76 Various useful options

Written by Yena Joo and last updated on 7 October 2021.

76.1 Introduction

We learned how to create plots so far, now we are going to learn how to apply some additional functions to the graph to give them some changes. Visualization plays a very important role when using data analysis results.

In this lesson, you will learn how to:

  • facet plots
  • label plots
  • change colors of the plots
  • function breaks_pretty()

Prerequisite skills include:

  • You should be familiar with ggplot now.
  • You also should be able to read and manipulate datasets.

Highlights:

  • Everything about how to make plots prettier!!

76.1.1 Packages

76.2 Faceting

Faceting allows you to construct multi-panel plots and monitor how the scales of one panel compare to the scales of another. Which means, it partitions a plot into multiple panels. Each panel shows a different subset of the data.

In other words, it is sometimes necessary to create a graph for each group in data by splitting one plot into multiple plots. In this case, you can use the facet_wrap() and facet_grid() functions. These functions have the advantage of noticing the distribution of data by group easily.

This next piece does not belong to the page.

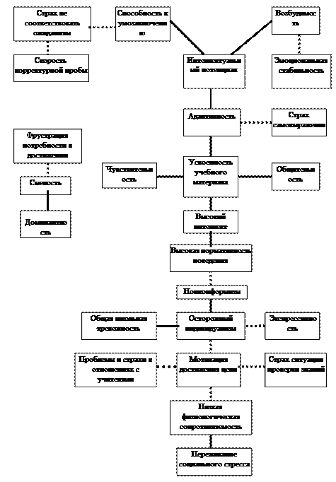 Рис.20. Корреляционная плеяда взаимосвязей признаков 9а класса Примечание к рисунку 20: сплошной линией обозначены положительные, пунктирной линией — отрицательные корреляционные зависимости. Таким образом, корреляционная плеяда [8](ρF-группа[9])— этоориентированный граф, вершинами которого служат психологические переменные, рёбрами – парные корреляции между ними, а ориентация любой пары вершин задаётся знаком, весом и направлением корреляции между ними. Если корреляционную плеяду построить по методу выделения максимальных взаимосвязей между признаками (методу максимального корреляционного пути), то она является, как это было показано Б. Докторовым[10], графическим аналогом центроидного метода в классическом факторном анализе, основанным на применении теории графов к анализу корреляционной матрицы. Рассмотрим данный алгоритм[11].

There are two main functions for faceting :

  • facet_grid(): produces a 2d grid of panels defined by variables which form the rows and columns.
  • facet_wrap(): “wraps” a 1d ribbon of panels into 2d.

76.2.1 facet_grid()

facet_grid(x ~ y) will display x*y plots even if some plots are empty. This function defines the shape feature of the panel. When used with ggplot, the x-axis and y-axis are kept as they are, and displayed divided by the variables you specify inside the argument. For example, facet_grid(. ~ Variable) changes the plot vertically.

76.2.1.1 Arguments

facet_grid( rows = NULL, cols = NULL, scales = "fixed", space = "fixed", shrink = TRUE, labeller = "label_value", as.table = TRUE, switch = NULL, drop = TRUE, margins = FALSE, facets = NULL)
  • rows, cols: A set of variables quoted by vars(). It can also be displayed (variable ~ variable).
  • scales: scales shared across all facets. ("fixed", "free_x", "free_y", "free").

For more information, click here.

Facet with one variable

Here, I am using a dataset that contains the information of members who climbed the mountain Himalaya. Let’s say, I would like to see the distribution of the sex of the members.

members <- readr::read_csv('https://raw.githubusercontent.com/rfordatascience/tidytuesday/master/data/2020/2020-09-22/members.csv')
hist_p <- members %>% ggplot(aes(age)) + geom_histogram(fill = "light blue", bins = 10)

# Split in vertical direction
hist_p + facet_grid(sex ~ .)
# Split in horizontal direction
hist_p + facet_grid(. ~ sex)

Splitting in vertical direction can be done with putting whichever variable you want to facet on the left, facet_grid(variable ~ .). Putting the variable on the right side would split horizontally.

Facet with two variables
You can also facet with two variables. Here, I will facet with variables success and injured. Since they are both type boolean, it would be better to label the categories using labeller = label_both.

hist_p + facet_grid(success ~ injured, labeller=label_both)

76.2.2 facet_wrap()

facet_wrap() wraps a 1d sequence of panels into 2d. It is easy to understand by comparing the distribution of data by group(category).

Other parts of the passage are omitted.